Shine a light
The last rays of the sun light up the sky like a searchlight from behind a mountain in Vielha, Val d'Aran. I drove here to meet up with S at the halfway point (timewise at least) of his travels. I brought a few supplies with me and collected things he had finished with, including the very expensive boots he bought only last year, which he has worn out -- he had to buy a new pair in Vielha. Luckily he is in better shape than his boots.
The Val d'Aran is a strange place. Nowadays, it's part of Spain, but because of its situation it's far more accessible from France, along the valley of the Garonne, whereas the exit toward Spain involves a 5 km long tunnel, built in the mid 20th century.Part of the modern region of (Spanish) Catalonia, the inhabitants do not speak Catalan -- they speak their own version of Occitan, Aranese.

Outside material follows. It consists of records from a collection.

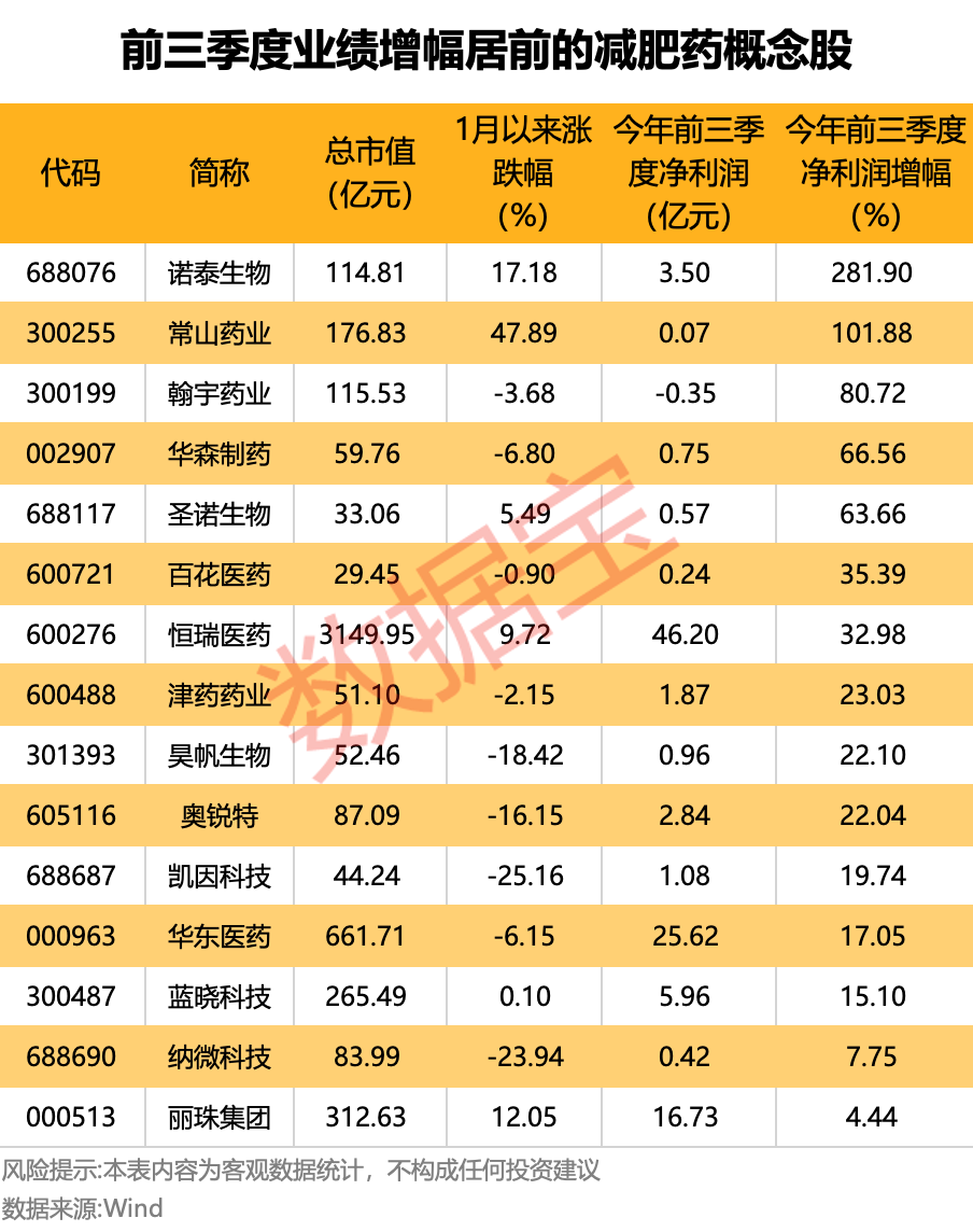 A股市场减肥药概念股共25只,其中诺泰生物作为多肽类原料药领军企业,供应GLP-1类减肥原料,前三季度扣非归母净利润同比增长301%。
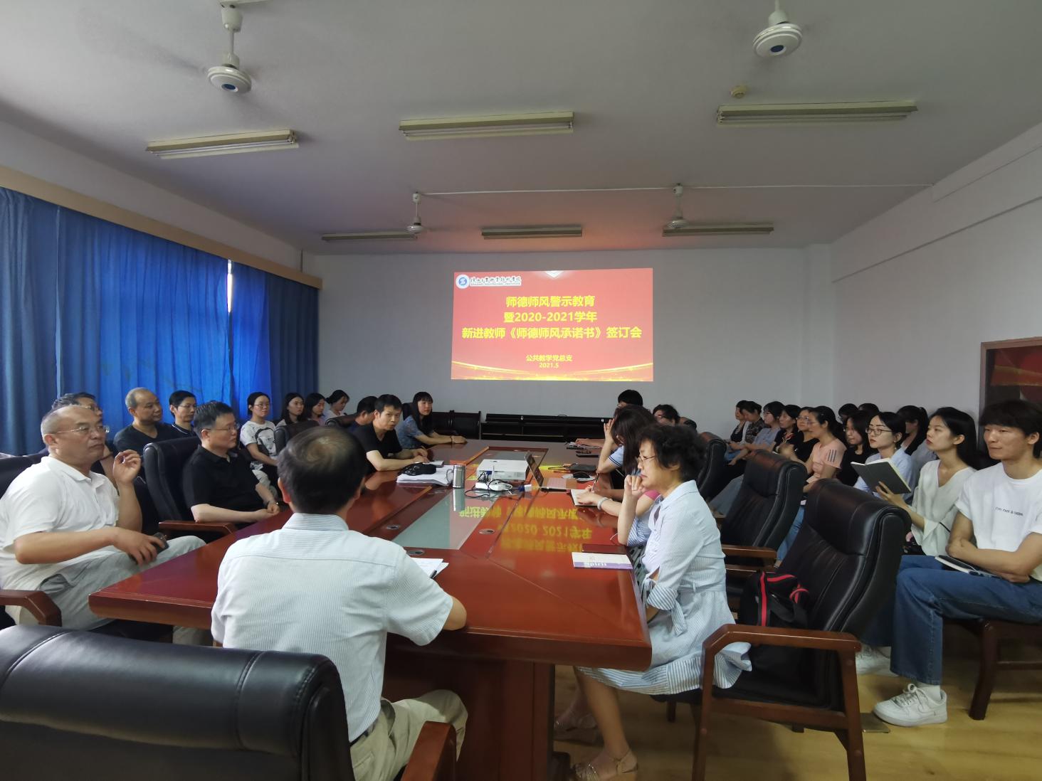 为进一步加强教师职业道德建设,落实教育部关于师德师风教育整顿相关行动,努力建设一支“有理想信念、有道德情操、有扎实学识、有仁爱之心”,适应教育改革发展需要的高素质教师队伍,5月31日下午,公共教学党总支组织开展了师德师风警示教育暨新进教师《师德师风承诺书》签订仪式。公共教学党总支书记、公共课教学部部长南欢主持,公共课教学部全体教师参加活动。
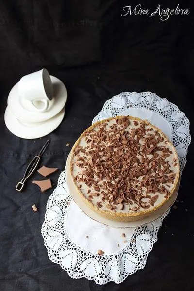 - Разбийте сиренето с миксер в голяма купа, добавете сметаната и захарта и разбийте отново до получаването на гладък крем. Сложете сладоледа в голяма купа и започнете да добавяте сместа с крем сиренето, а след това ликьора и кафето, като бъркате постоянно до хомогенизиране. Изсипете получената смес във формата, покрийте със стреч фолио и приберете във фризера. Замразявайте за поне 4 часа или за през нощта (можете да съхранявате тортата замразена до 1 месец).
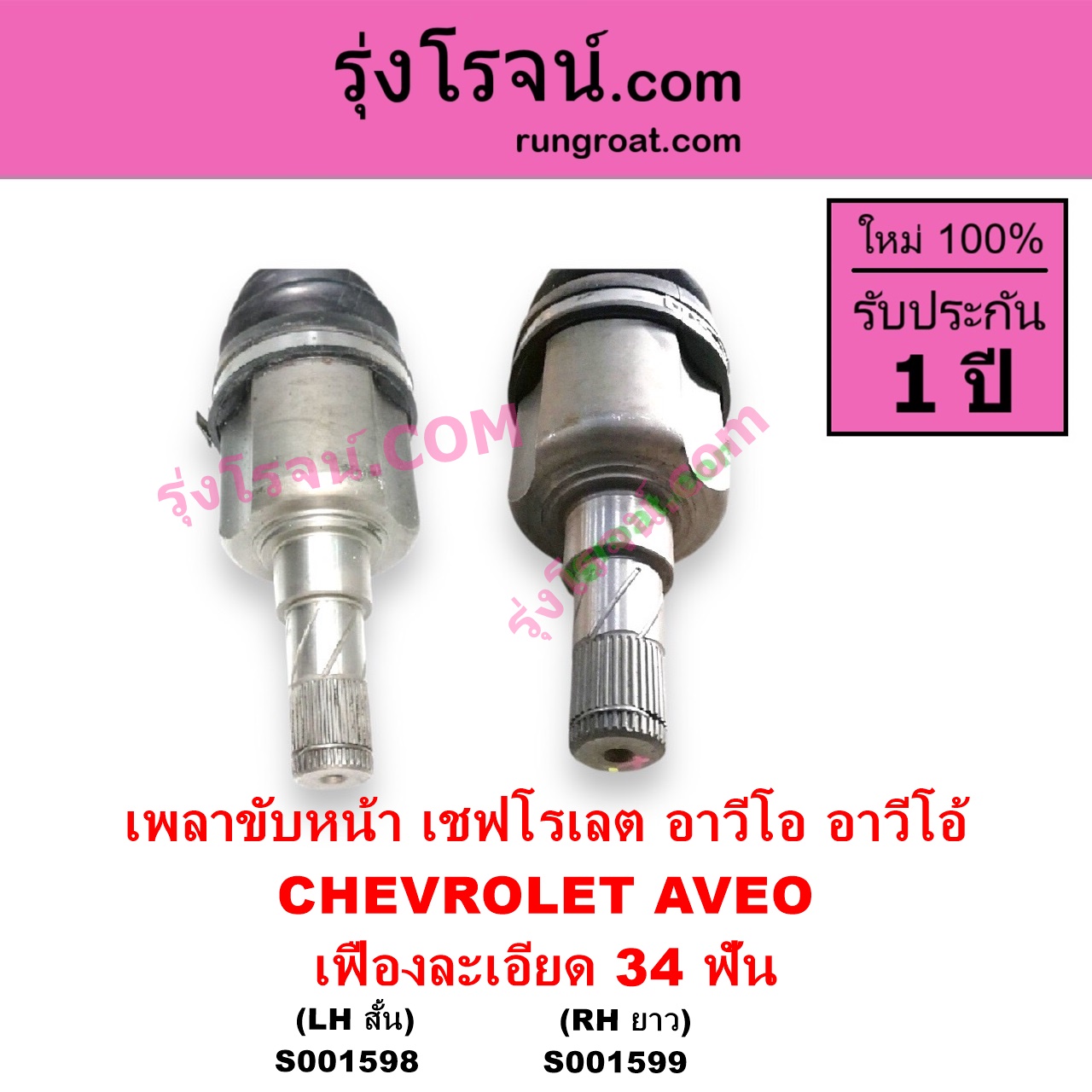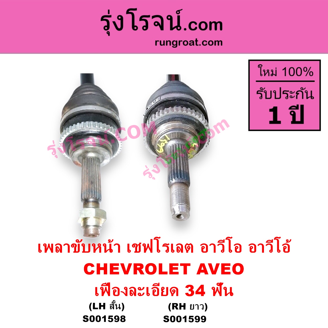 | S001598 | เพลาขับหน้า | CHEVROLET (เชฟโรเลต) / AVEO (อาวีโอ อาวีโอ้ 2002) | (เสียบเกียร์ เฟืองละเอียด 34 ฟัน) (LH สั้น) | ไต้หวัน (ใหม่) |

There are Occitan crosses everywhere, which you never see in the rest of modern Catalonia -- inevitably they made me think of Chaiselongue. Whatever its official nationality, culturally the valley is clearly turned more towards Occitania than to Aragon or Catalonia. I thought too of how Teleri could certainly have enlightened me further about the cultural connections -- more than the rather inadequate ethnological museum in Vielha.
Driving here I was able to see the damage caused by the recent flooding. The Garonne, a tumbling mountain torrent here, had gouged chunks out of the road, and between Fos and Vielha I passed through about eight lots of roadworks, with trees and other debris being cleared and huge rocks dumped to shore up the banks. In a couple of places they'd had to hastily gouge a rough track out of the mountainside to enable cars to pass -- this is the only straightforward way in and out of the valley.
Backblipped -- there was a flaky wifi connection in the hotel where we stayed, that couldn't cope with uploads. I have been absent from others' journals for the same reason, but I'll catch up later this week.